WORK TASK:
What is printed must match, line for line, the records from their first line through the line containing "National highways continue", with pictures left out.

Start of PROVIDED DATA

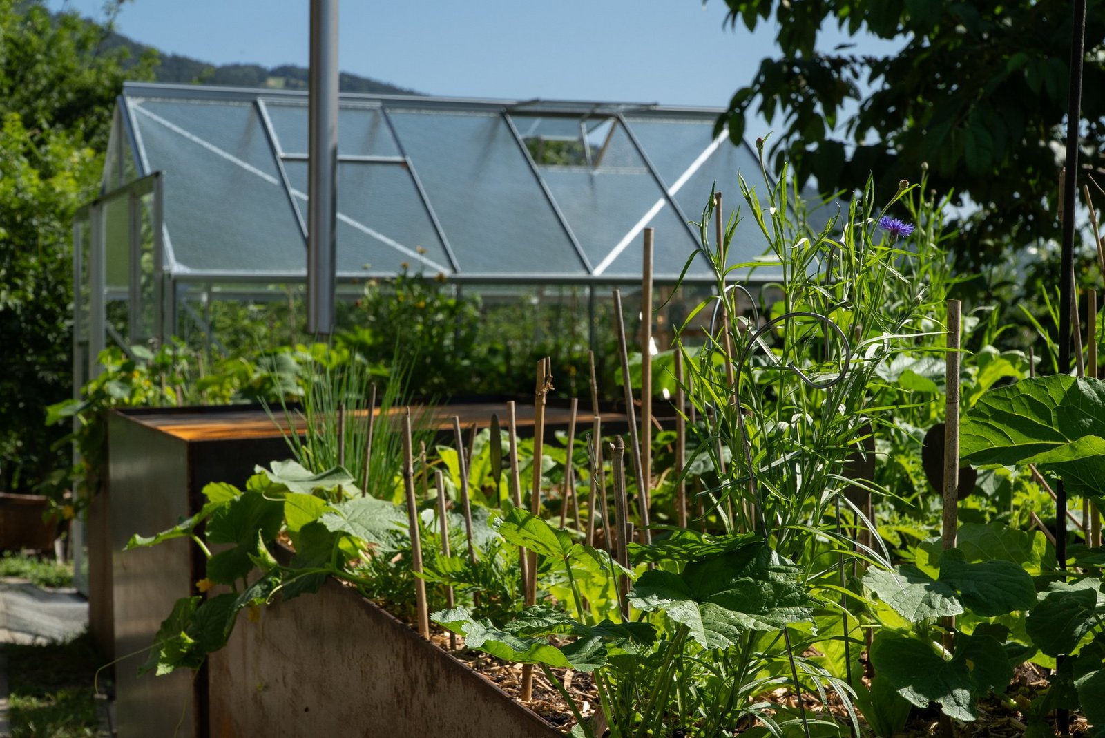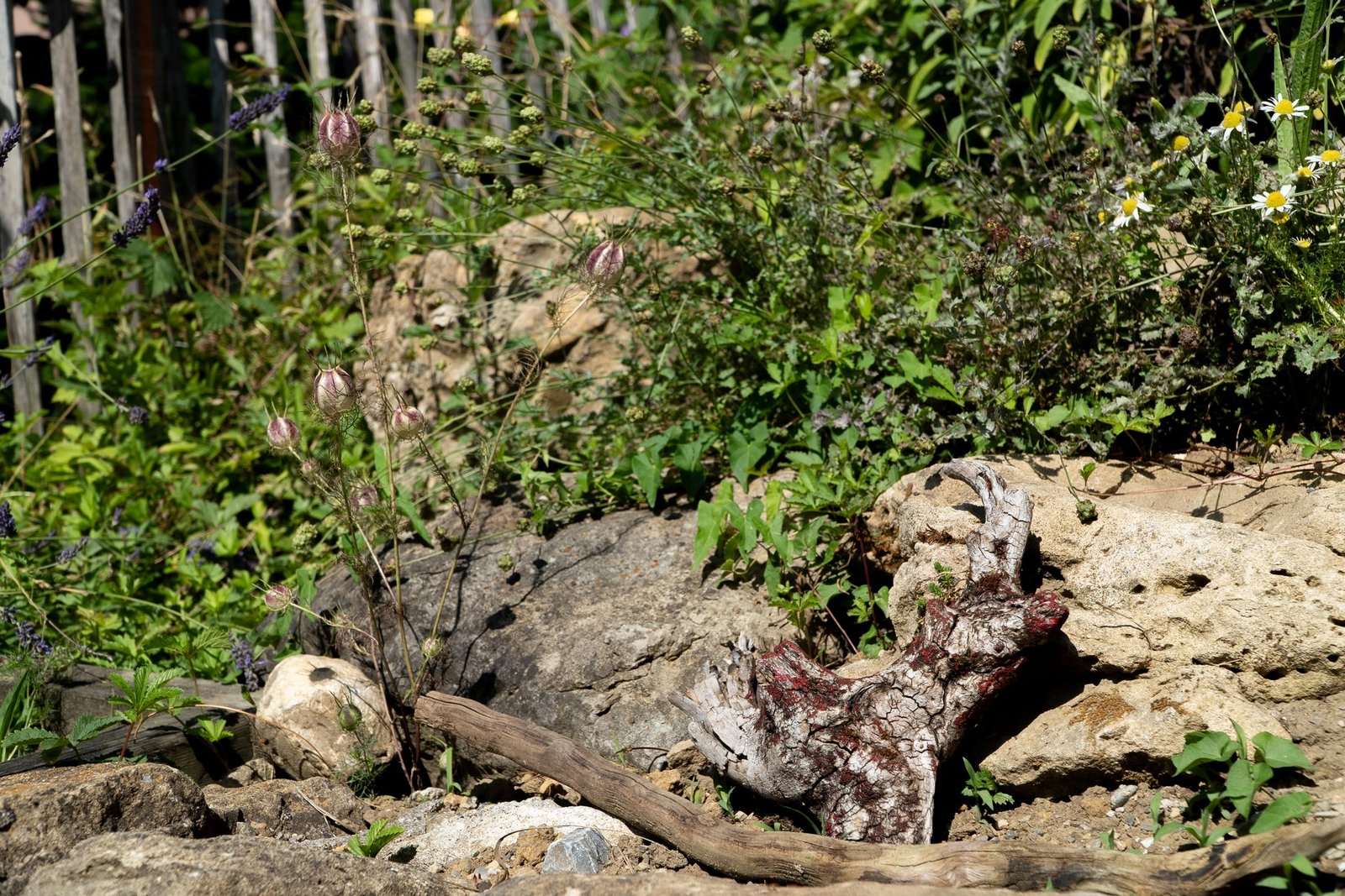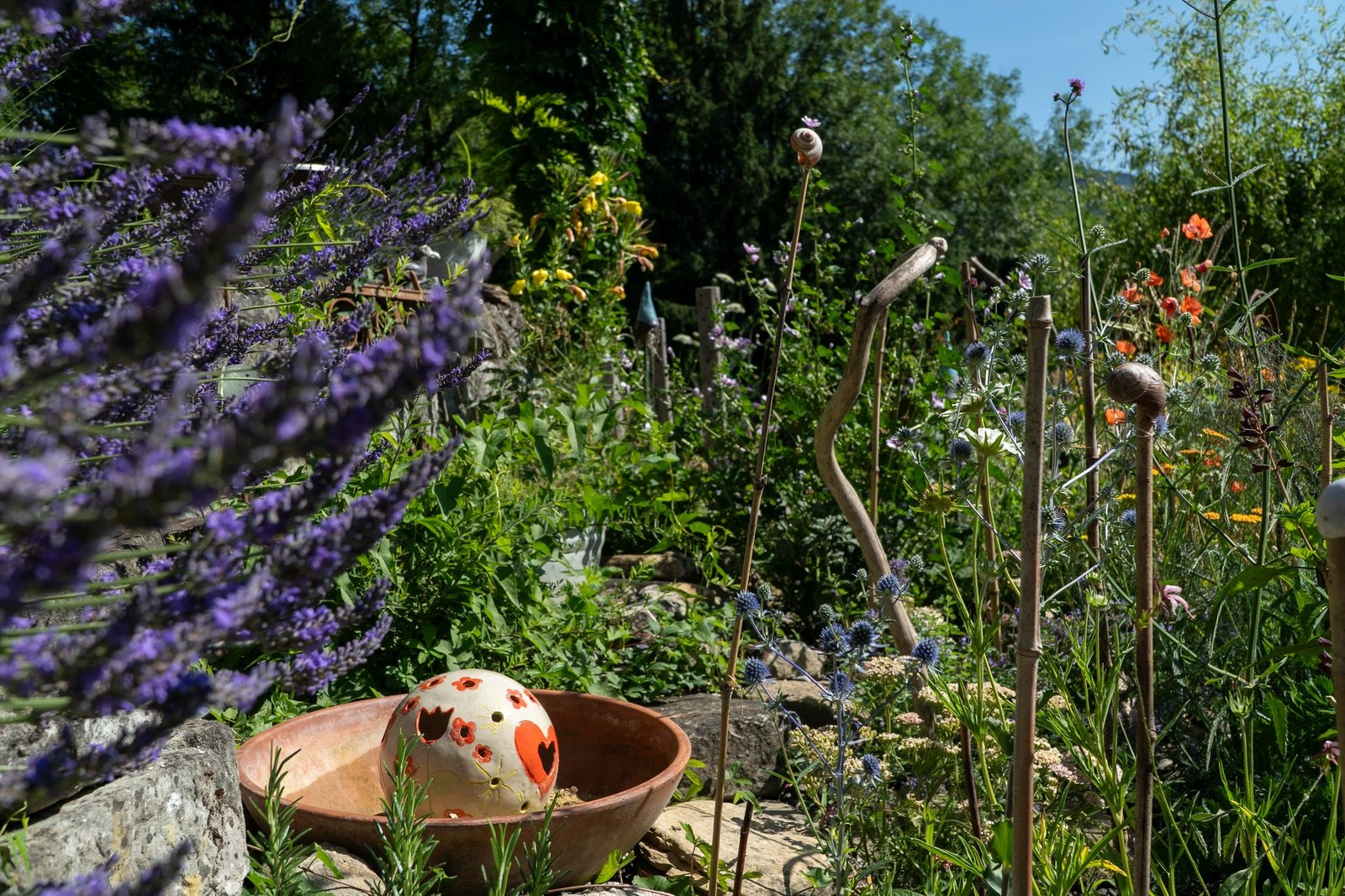 Weitere Wildblumen, Wildstauden und ein Kräuterbeet, ein Steingarten und Permakulturen.
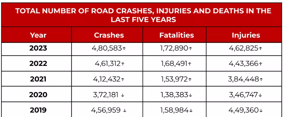 National highways continue to be a major source of risk. Telangana recorded 3,058 deaths on highways alone in 2023, accounting for nearly half of the state’s total fatalities. This mirrors the national pattern, where highways form less than 5 per cent of the road network but accounted for 59.3 per cent of all road crash deaths across India.
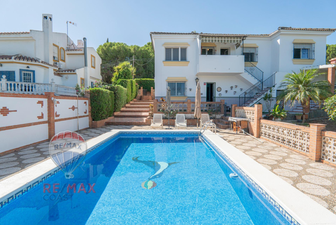 Imagina despertar cada mañana con unas vistas abiertas que alcanzan hasta Málaga, rodeado de la tranquilidad de la urbanización Pinos de Alhaurín. Este chalet independiente está pensado para familias que buscan un hogar amplio, cómodo y rodeado de naturaleza, sin renunciar a la cercanía de todos los servicios.~~La vivienda principal dispone de 3 dormitorios, 2 baños, una cocina independiente recientemente renovada y un salón-comedor muy luminoso. Desde la cocina se accede a una encantadora terracita con vistas despejadas, el lugar perfecto para disfrutar de la tranquilidad del entorno. En la entrada principal se encuentra un gran porche y un espacio bajo techo para aparcar el coche con comodidad.~~Bajando por unas escaleras exteriores desde la cocina, se llega a la planta baja, donde encontramos una habitación adicional, un gran trastero/almacén con cocinita y baño, además del acceso directo al jardín con piscina privada. Aquí también hay un espacio tipo terraza ideal para barbacoas y reuniones al aire libre.~~Al otro lado de la parcela, de más de 1.000 m² y cuidadosamente mantenida, se encuentra una acogedora casita de invitados totalmente equipada, perfecta para recibir a familiares o amigos, además de una construcción independiente tipo taller/trastero que aporta aún más funcionalidad.~~Aunque las escaleras forman parte de su diseño y hacen que no sea la mejor opción para personas mayores o con movilidad reducida, este hogar es ideal para familias con niños que buscan amplitud, independencia y un entorno cuidado en cada detalle.~~Además, Alhaurín de la Torre es uno de los municipios más atractivos del área metropolitana de Málaga. Ofrece numerosos colegios e institutos, incluso un colegio privado, lo que lo convierte en un lugar ideal para todo tipo de familias. La localidad destaca también por su gran oferta de actividades culturales y deportivas, su cercanía a Málaga capital, al aeropuerto internacional, a las playas de la Costa del Sol y a una amplia variedad de supermercados, restaurantes y servicios que hacen la vida diaria más cómoda y completa.~~En cumplimiento de las obligaciones de información previstas en la Ley 10/2025, de 28 de diciembre, de servicios de atención a la clientela y transparencia, así como en la normativa sectorial vigente, se hace constar que el precio indicado no incluye los gastos e impuestos inherentes a la adquisición, los cuales se desglosan a continuación:~Los honorarios de intermediación en esta compraventa están incluidos en el PVP~ITP (Impuesto de Transmisiones Patrimoniales): Se aplicará el tipo impositivo vigente en la Comunidad Autónoma de Andalucía, 7% (40.600€), sin perjuicio de tipos reducidos del 3,5%, 1,2% o 1% aplicables según las circunstancias personales del comprador o las características del inmueble. El impuesto se devenga sobre el Valor de Referencia Catastral o el precio de venta, aquel que resulte superior~Notaría: Los honorarios notariales se calcularán conforme al arancel oficial (RD 1426/1989, de 17 de noviembre)~Registro: La inscripción en el Registro de la Propiedad se facturará según el arancel oficial (RD 1426/1989, de 17 de noviembre)~Gestión (Gestoría): Opcional. Si el cliente lo solicita, los honorarios por la tramitación administrativa, liquidación de impuestos e inscripción registral ascienden de forma estimativa a 395 € aprox. (IVA incluido)~Se informa al cliente que dispone de la correspondiente Ficha Informativa de Segundas o Ulteriores Transmisiones de Viviendas~Puede calcular su situación personal en el portal oficial de la AgenciaTributaria de Andalucia-Información Tributaria-Impuestos.~~Este inmueble se comercializa mediante sistema de Multiexclusiva. Por ese motivo, le rogamos que se ponga en contacto directo con nosotros sin importunar directamente a propietarios u ocupantes de la propiedad.~
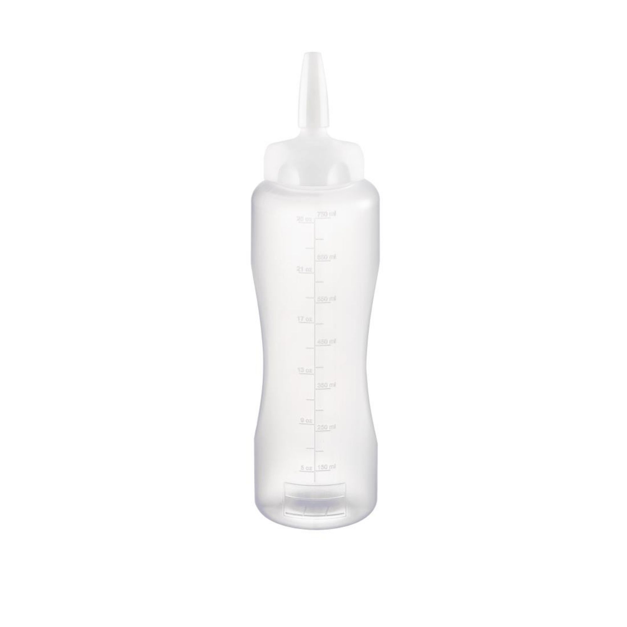 Improve your presentation with the Araven 750ml clear sauce bottle. Designed with a continuous line nozzle, the bottle helps you apply precise doses of sauce to create impeccably arranged dishes. The nozzle can also be cut to achieve different thicknesses, giving you more control over your presentation. Microwave safe, the bottle can store hot and cold sauces, providing you with more choices when it comes to presenting your meals. Finished with ml and oz measurements, the bottle also helps you control your portions effectively. It has a working temperature range from -40°C to 90°C and includes measuring scales in ml/oz.
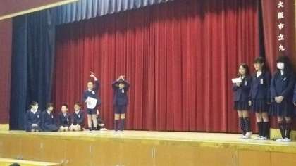 今日の集会は『この名シーン何だっけ?』です。ドラマや映画に出てくる有名なシーンを舞台上で、集会委員の名役者の子どもたちが再現。ピアノやCDのBGMに、紙吹雪!小道具もばっちり揃えて、さあ本番!いつも6年生の集会委員が中心となって、いろいろと面白いアイデアを出しています。そんな集会も残すところ、今年度あと1回となりました。ラストの集会はどんな会になるのでしょう?楽しみに待ちたいと思います。
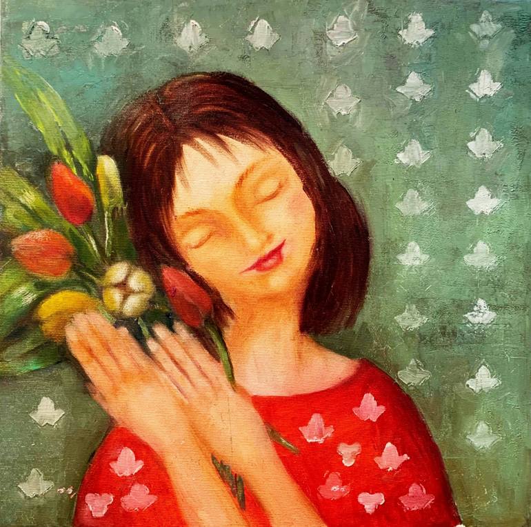 Whispers of Spring is a tender and emotive painting that captures the quiet joy of connecting with nature. A serene female figure, eyes gently closed and lips curved in a peaceful smile, embraces a vibrant bouquet of spring flowers. The composition radiates warmth and tranquility, brought to life by...

End of PROVIDED DATA

OUTPUT FOR THIS TASK:
 Weitere Wildblumen, Wildstauden und ein Kräuterbeet, ein Steingarten und Permakulturen.
 National highways continue to be a major source of risk. Telangana recorded 3,058 deaths on highways alone in 2023, accounting for nearly half of the state’s total fatalities. This mirrors the national pattern, where highways form less than 5 per cent of the road network but accounted for 59.3 per cent of all road crash deaths across India.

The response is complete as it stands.